**Your task**
For this exercise, output exactly the lines from the opening line of the listing through the line with "This beach towel", skipping pictures.

**Data listing**

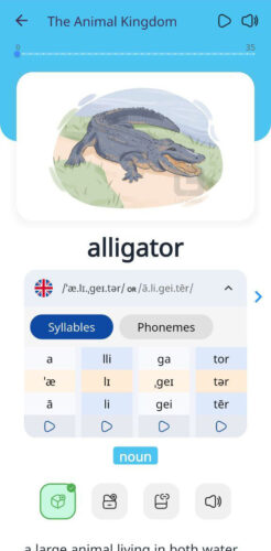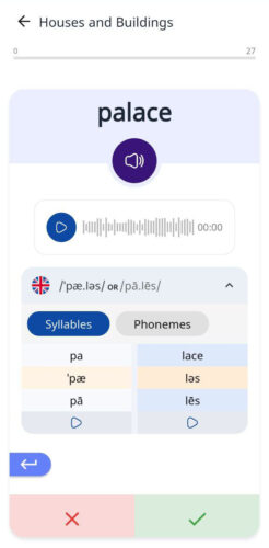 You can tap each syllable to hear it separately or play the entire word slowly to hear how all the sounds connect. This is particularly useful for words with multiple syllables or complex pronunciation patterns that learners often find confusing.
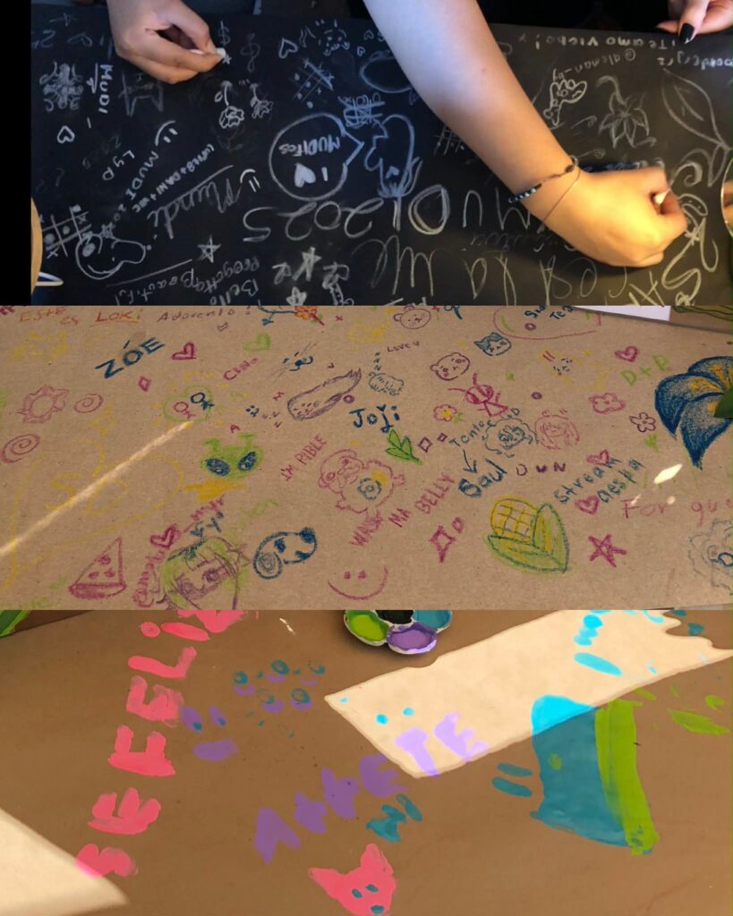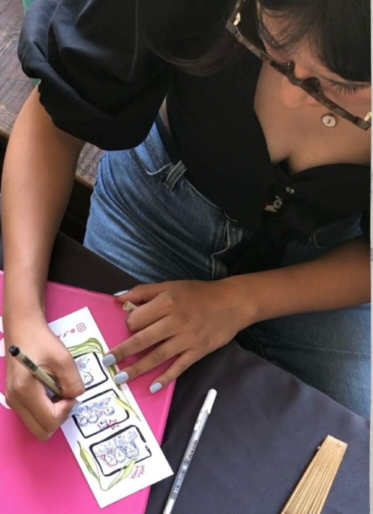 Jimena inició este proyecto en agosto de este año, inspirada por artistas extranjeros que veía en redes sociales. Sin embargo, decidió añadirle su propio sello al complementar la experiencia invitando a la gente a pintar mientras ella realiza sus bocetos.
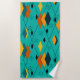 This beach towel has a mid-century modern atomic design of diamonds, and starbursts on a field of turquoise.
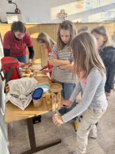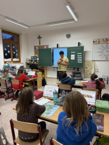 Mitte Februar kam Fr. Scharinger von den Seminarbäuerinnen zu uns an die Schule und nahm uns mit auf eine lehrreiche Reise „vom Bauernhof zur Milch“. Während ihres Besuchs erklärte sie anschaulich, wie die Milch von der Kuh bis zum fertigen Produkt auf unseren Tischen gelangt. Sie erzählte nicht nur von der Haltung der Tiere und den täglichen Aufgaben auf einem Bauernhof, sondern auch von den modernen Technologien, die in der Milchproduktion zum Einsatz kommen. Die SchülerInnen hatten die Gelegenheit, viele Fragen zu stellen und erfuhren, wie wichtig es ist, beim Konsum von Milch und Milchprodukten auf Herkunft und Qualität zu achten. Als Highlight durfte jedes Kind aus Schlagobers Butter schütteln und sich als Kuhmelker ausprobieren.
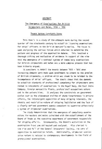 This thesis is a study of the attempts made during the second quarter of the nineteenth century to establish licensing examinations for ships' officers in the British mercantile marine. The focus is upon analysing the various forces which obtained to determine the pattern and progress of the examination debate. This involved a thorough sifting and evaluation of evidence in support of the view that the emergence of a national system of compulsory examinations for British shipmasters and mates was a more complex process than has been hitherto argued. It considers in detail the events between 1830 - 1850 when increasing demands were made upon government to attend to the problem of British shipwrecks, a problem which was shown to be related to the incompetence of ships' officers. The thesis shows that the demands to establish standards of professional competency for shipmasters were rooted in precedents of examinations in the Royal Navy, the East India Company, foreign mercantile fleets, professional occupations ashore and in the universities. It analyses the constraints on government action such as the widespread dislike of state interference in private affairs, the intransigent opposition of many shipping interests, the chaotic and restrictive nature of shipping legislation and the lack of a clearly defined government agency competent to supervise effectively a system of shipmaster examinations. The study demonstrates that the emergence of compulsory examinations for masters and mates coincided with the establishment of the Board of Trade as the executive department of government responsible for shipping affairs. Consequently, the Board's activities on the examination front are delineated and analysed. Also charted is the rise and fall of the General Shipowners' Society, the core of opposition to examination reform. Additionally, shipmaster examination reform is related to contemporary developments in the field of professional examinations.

**Output for this exercise**
 You can tap each syllable to hear it separately or play the entire word slowly to hear how all the sounds connect. This is particularly useful for words with multiple syllables or complex pronunciation patterns that learners often find confusing.
 Jimena inició este proyecto en agosto de este año, inspirada por artistas extranjeros que veía en redes sociales. Sin embargo, decidió añadirle su propio sello al complementar la experiencia invitando a la gente a pintar mientras ella realiza sus bocetos.
 This beach towel has a mid-century modern atomic design of diamonds, and starbursts on a field of turquoise.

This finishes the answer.